На завтрак был запеченный картофель. Остальные припасы мы разделили из расчета на примерно недельное пребывание в долине Граснен. Беречь провизию было нашим общим решением. Быстро поев и запив суховатую картошку водой, мы вдвоем с Мирлэсом отправились к Аллинейе, а Киллиан остался в лагере, сославшись на какие-то неотложные дела. Пожав плечами, я устремилась вглубь разлома верхом на драконе.
По указу Аллинейи я посвятила весь день призыву шарика света. Энуат. Нейя. Энуат. Нейя. И так по кругу до самых сумерек. С каждым разом мой навык в использовании этого заклинания улучшался – шарик становился четче, а свет ярче.
–Для того чтобы заклинание вышло качественным, нужно понимать его суть, – говорила богиня. – Шарик света, например, выйдет максимально ярким и четким, если сама душа твоя будет стремиться к свету. Любые приятные и светлые воспоминания и чувства сотворят из обычного сгустка света нечто большее. Попробуй. Сконцентрируйся на том, что приносит тебе радость, и призови шарик света, или пелен'о'олау, как его называл народ Древних.
Последовав совету богини, я перебрала в голове все светлые воспоминания, и, выбрав несколько наиболее ярких, сконцентрировалась на призыве шарика света. Чем сильнее я открывала душу, тем ярче становилось в обители.
–Отлично! Это был самый прекрасный пелен'о'олау, что мне доводилось видеть.

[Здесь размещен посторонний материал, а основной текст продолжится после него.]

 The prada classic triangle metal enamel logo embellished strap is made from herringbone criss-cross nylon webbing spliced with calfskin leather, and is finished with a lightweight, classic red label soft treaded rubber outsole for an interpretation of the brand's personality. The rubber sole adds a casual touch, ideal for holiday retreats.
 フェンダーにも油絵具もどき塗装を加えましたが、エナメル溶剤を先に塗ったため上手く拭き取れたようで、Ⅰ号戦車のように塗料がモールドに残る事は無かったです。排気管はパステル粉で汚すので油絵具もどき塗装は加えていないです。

Похвала богини грела мою душу. Совершив еще несколько идеальных призывов световых шаров, я обратилась к богине с вопросом, что уже второй день не дает мне покоя:
–Светлейшая, скажите, а есть ли еще в нашем мире места, подобные этому? Места, где магические потоки столь же сильны?

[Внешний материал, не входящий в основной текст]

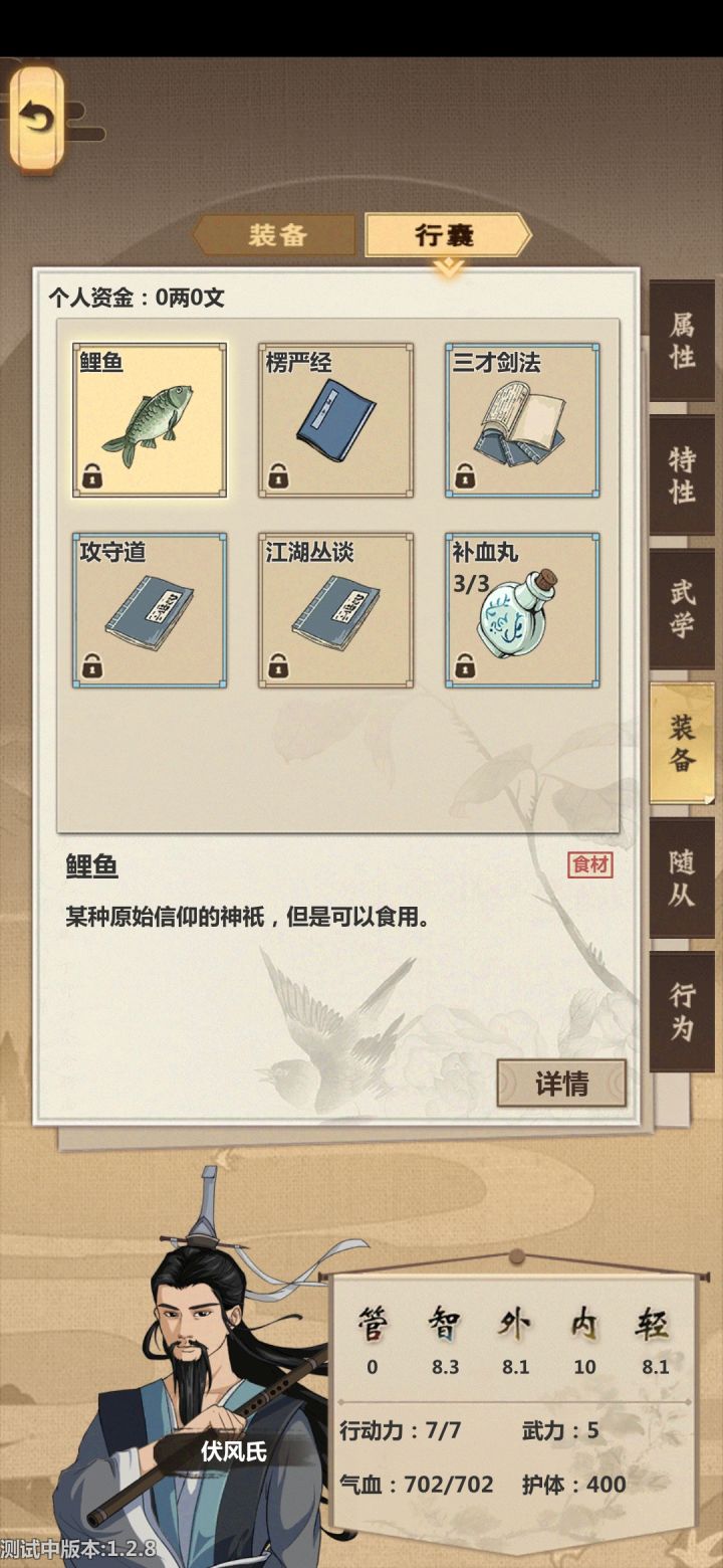 I'm这次我要来个2月打爆未知势力后续跟进出村属性感觉有点不舒服,明天继续来了闪避流已经初步达成,可以准备开搞大师兄就该去挖矿3月20日达成如此可惜一直没有遇到BOSS来了来了可惜不是剑法嗯?这是什么垃圾不行啊,我SL了5次,每次爆的都是这书,看来是固定的,那就没意思了4月21日掌门属性来了来了嗯?这就是闪避流的魅力纸鸾挺适合采药的目标达成,癫狂醉剑9月2日打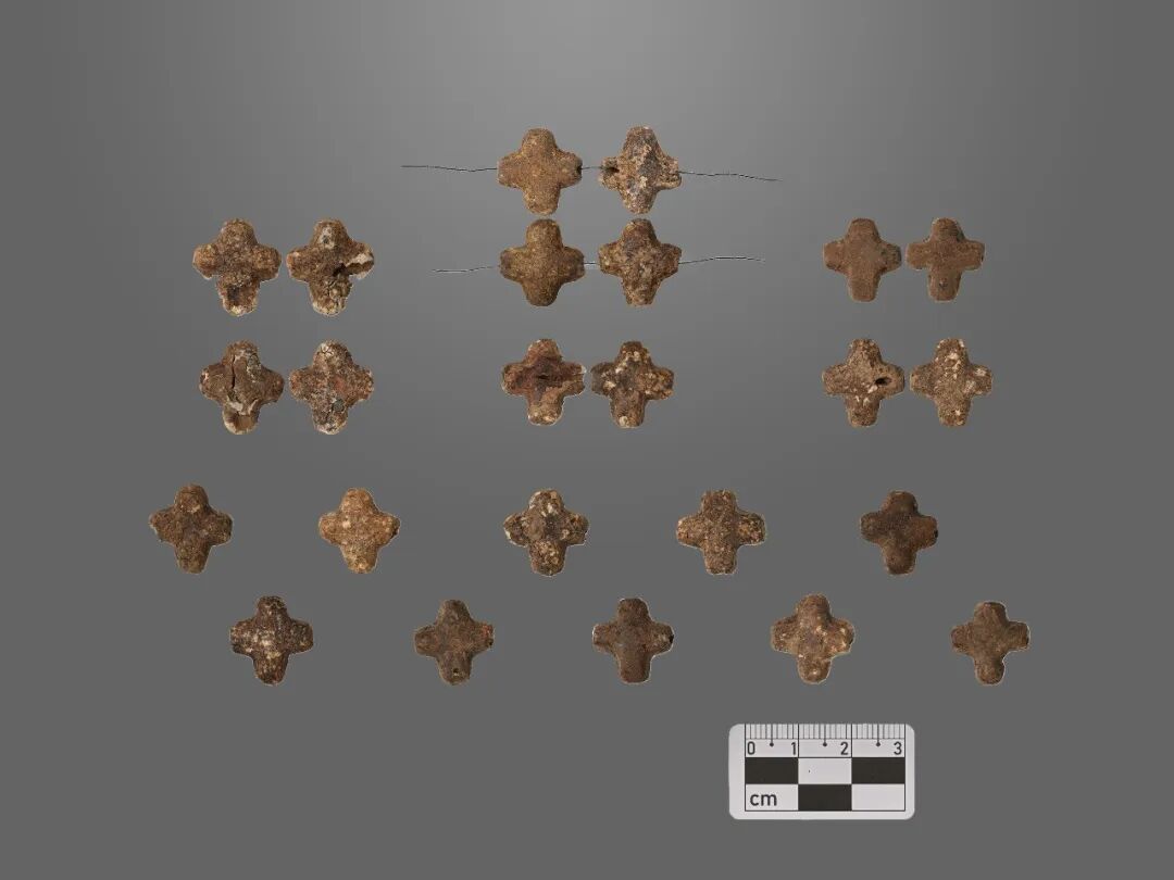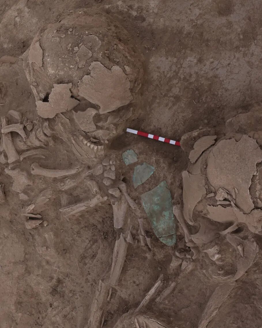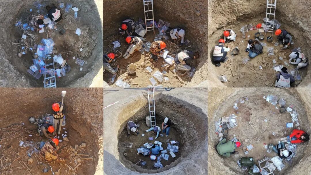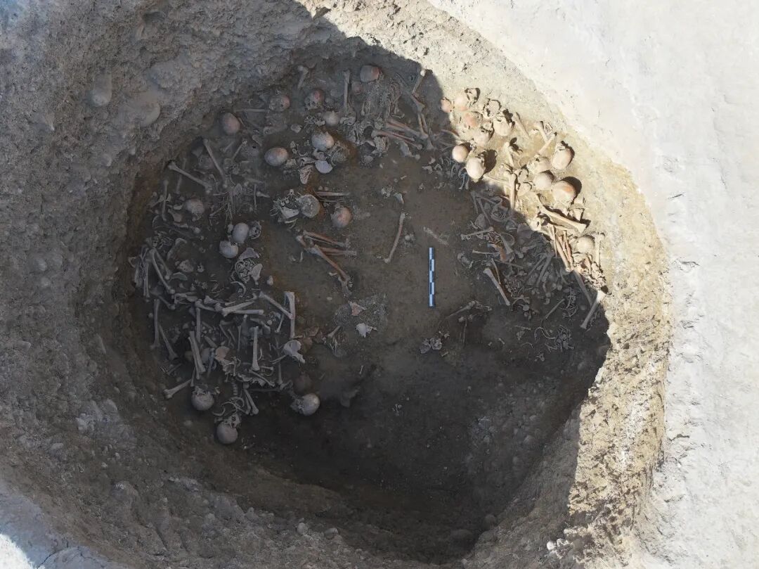 发掘表明,Z1主墓内人骨有因多次埋葬而产生的扰乱现象。2024年,田野工作人员与人类学家全程合作、精细发掘,复原了主墓的埋葬、扰动过程,这有利于最大限度地对人骨进行拼对、整合(目前已确认主墓内人骨最大个体数120例;成年个体最小个体数41例,未成年人个体最小个体数12例;较完整的成年个体18例,较完整的未成年人个体6例;成年人及未成年人颅骨共50例),进行骨骼形态和病理研究。这也为下一步进行系统性古基因组学研究,全面解析主墓中120例个体的复杂社会结构和亲缘网络,奠定了坚实的技术基础和材料保障(图十九、二十)。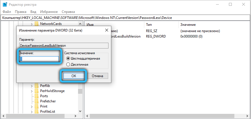 - Затем раскрыть свойства DevicePasswordLessBuildVersion, и установить там цифру «0». Не стоит забывать о необходимости перезагрузки.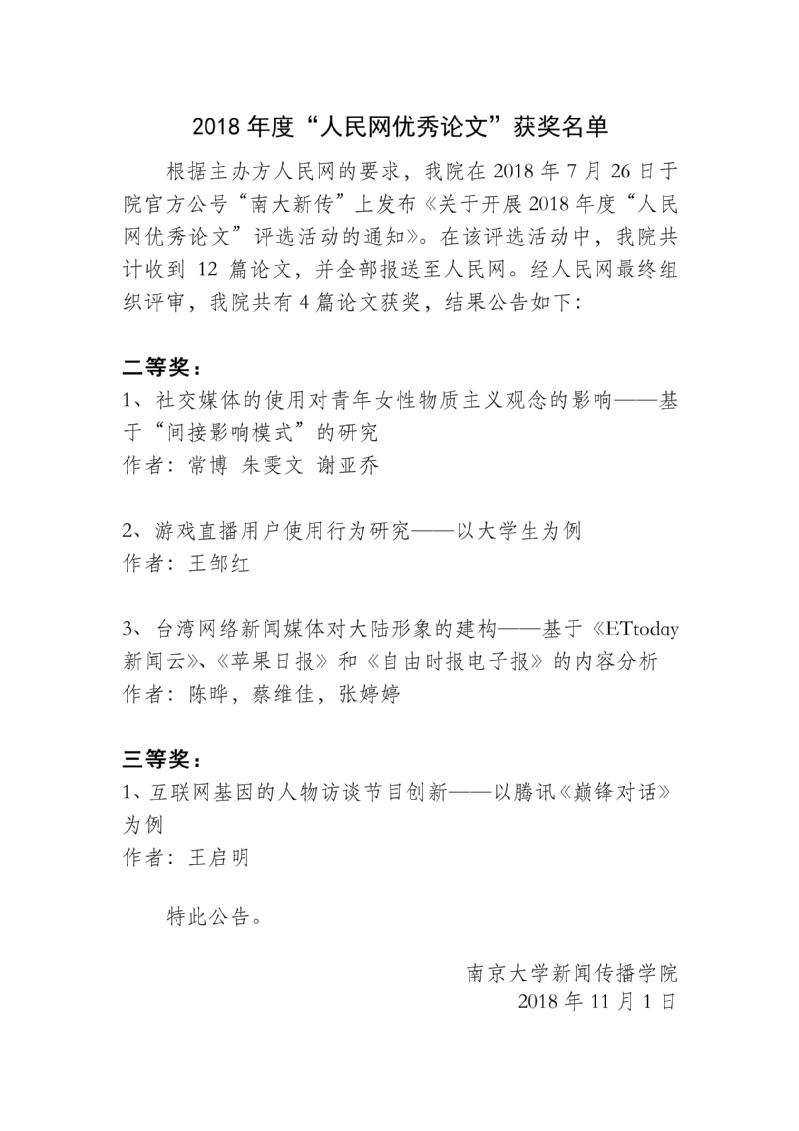 2018年度“人民网优秀论文”获奖名单

–Да, есть. По одному в каждой стране: у тэнисийцев это Храм Забытых, в Филноре – огромная каменистая поляна в лесу Хайм, в государстве Мэтис местом силы является Холм Предначертанного, а в королевстве Элуанор – Башня Звезды, Стъерне Тьорн.
–Элуанор?
–Такое название носит королевство, что вы, люди, зовете Лоринией.

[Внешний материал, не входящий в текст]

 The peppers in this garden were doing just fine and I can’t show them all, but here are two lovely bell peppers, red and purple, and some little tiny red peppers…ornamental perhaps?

А, эльфы. Прекрасные, статные и высокомерные. Но, несмотря на все свои недостатки, лоринийцы остаются лучшими воинами вот уже несколько сотен лет.
Удовлетворив мое любопытство, богиня завершила наш сегодняшний урок.
–Сегодня ты хорошо потрудилась, Лорелея. А теперь ступай, тебя уже ждут.
Подперев полуразрушенную колонну, Киллиан ожидал окончания нашего занятия. Вид моего друга, рассматривающего свою ладонь, будто в ней таились какие-то секреты, вызвал во мне взрыв хохота. Ну, серьезно, кто будет рассматривать свои ладони в поисках тайн Вселенной? Изумленно выгнув бровь, Киллиан посмотрел на меня, и я сказала: «Мне это показалось забавным – то, как ты стоял». Хмыкнув в ответ, Киллиан отправился на выход, а я за ним, едва поспевая. Какие же широкие у него шаги!
У выхода нас ждал дракон – блеск его чешуи был заметен еще далеко в коридоре. Как только мы расположились меж шипов на его спине, Мирлэс оттолкнулся от каменистой поверхности и устремился ввысь. Каждый взмах его крыльев отдавался гулким эхом, что отчаянно пыталась поглотить тягучая тишина, столь же древняя, как и сам разлом.
По возвращении в лагерь, мужчины занялись делами: Килл разжег костер, а Мирлэс копошился в своих сумках. Одна я сидела без дела. Мне было скучно, и я хотела спать – занятие магией выматывает. Я принялась расхаживать по лагерю, проложив путь: до Килла, к обрыву, потом обратно к Мирлэсу. Было достаточно одного такого круга, чтобы услышать заветное: «Лори» – ну, наконец-то на меня обратили внимание!